Our engineering team has spent the last four years tackling what seemed impossible: building a single media engine powerful enough to run both our web and desktop apps without compromise. Most companies would have settled for 'good enough,' but we wanted exceptional on both platforms.

You've probably noticed the frustrating tradeoff in video editing tools—desktop editors have the power but chain you to one machine, while web editors offer convenience but fall short on capabilities. We decided that creators shouldn't have to choose between power and flexibility, so we built a media engine that eliminates this compromise entirely.

And we've finally done it. Our new web app launched in May is actually faster than our previous desktop version (which seems almost wrong, but we'll take it). Last week, we released a preview of our new desktop app running on this same engine, bringing the speed improvements to both platforms.

By year's end, we'll have completed what amounts to a generational leap in Descript's performance. I'm genuinely proud of what our team accomplished here.

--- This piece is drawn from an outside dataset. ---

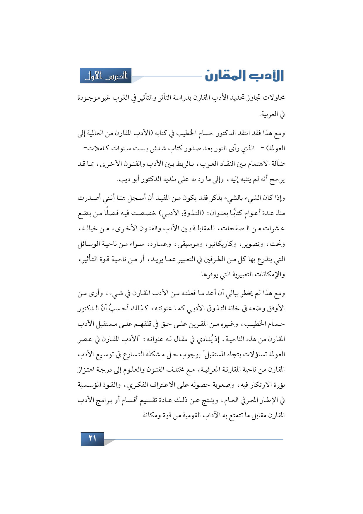 ومع هذا لم يخطر ببالي أن أعد ما فعلته من الأدب المقارن في شيء، وأرى من الأوفق وضعه في خانة التذوق الأدبي كما عنونته, كذلك أحسبُ أنّ الدكتور حسام الخطيب، وغيره من المقرين على حق في قلقهم على مستقبل الأدب المقارن من هذه الناحية، إذ يُنادي في مقال له عنوانه: "الأدب المقارن في عصر العولمة تساؤلات بتجاه المستقبل" بوجوب حل مشكلة التسارع في توسيع الأدب المقارن من ناحية المقارنة المعرفية، مع مختلف الفنون والعلوم إلى درجة اهتزاز بؤرة الارتكاز فيه، وصعوبة حصوله على الاعتراف الفكري، والقوة المؤسسية في الإطار المعرفي العام، وينتج عن ذلك عادة تقسيم أقسام أو برامج الأدب المقارن مقابل ما تتمتع به الآداب القومية من قوة ومكانة.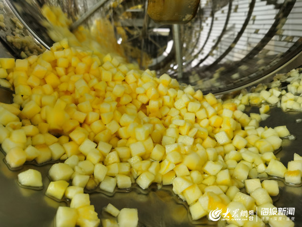 罐头产品线今天进行的是苹果切丁制法,制作好的苹果丁罐头供应日本最大的面包商,用于制作日本最畅销的苹果馅面包。2019年,日本客户邀请全球60余家苹果制品供应商进行盲评,无论是口感还是品相,联蕾食品以绝对优势获得第一名。

If you're curious about the technical wizardry behind this transformation, keep reading—I'm about to nerd out on the details. If you'd rather just see what this means for your workflow, the video below breaks it down without the tech jargon.

why speed and performance matter for creators

Speed and performance are everything for creators who want to make the best out of Descript’s web-based video engine. When your editing software struggles, it forces you to sacrifice creative flow just to see your next shot or cut in real time. That’s why hardware-accelerated editing is more vital than ever, helping you maintain a smooth, efficient workflow even while applying complex AI video effects. With faster 4K exports and less downtime, you can refocus on crafting stories rather than babysitting progress bars, cutting precious minutes or hours from your production schedule. The more you optimize your workflow—from media engine improvements to streamlined collaboration—the more likely you are to finish projects on time, and maybe even have a little fun in the process. As illustrated by VideoContext, real-time rendering is within reach for modern browsers and helps ensure you can keep up with the demands of creative work.

Descript's speed journey

We'll start with some historical context. Back in 2018, we built Descript as an Electron application — same as web apps like Slack, Figma, and Notion.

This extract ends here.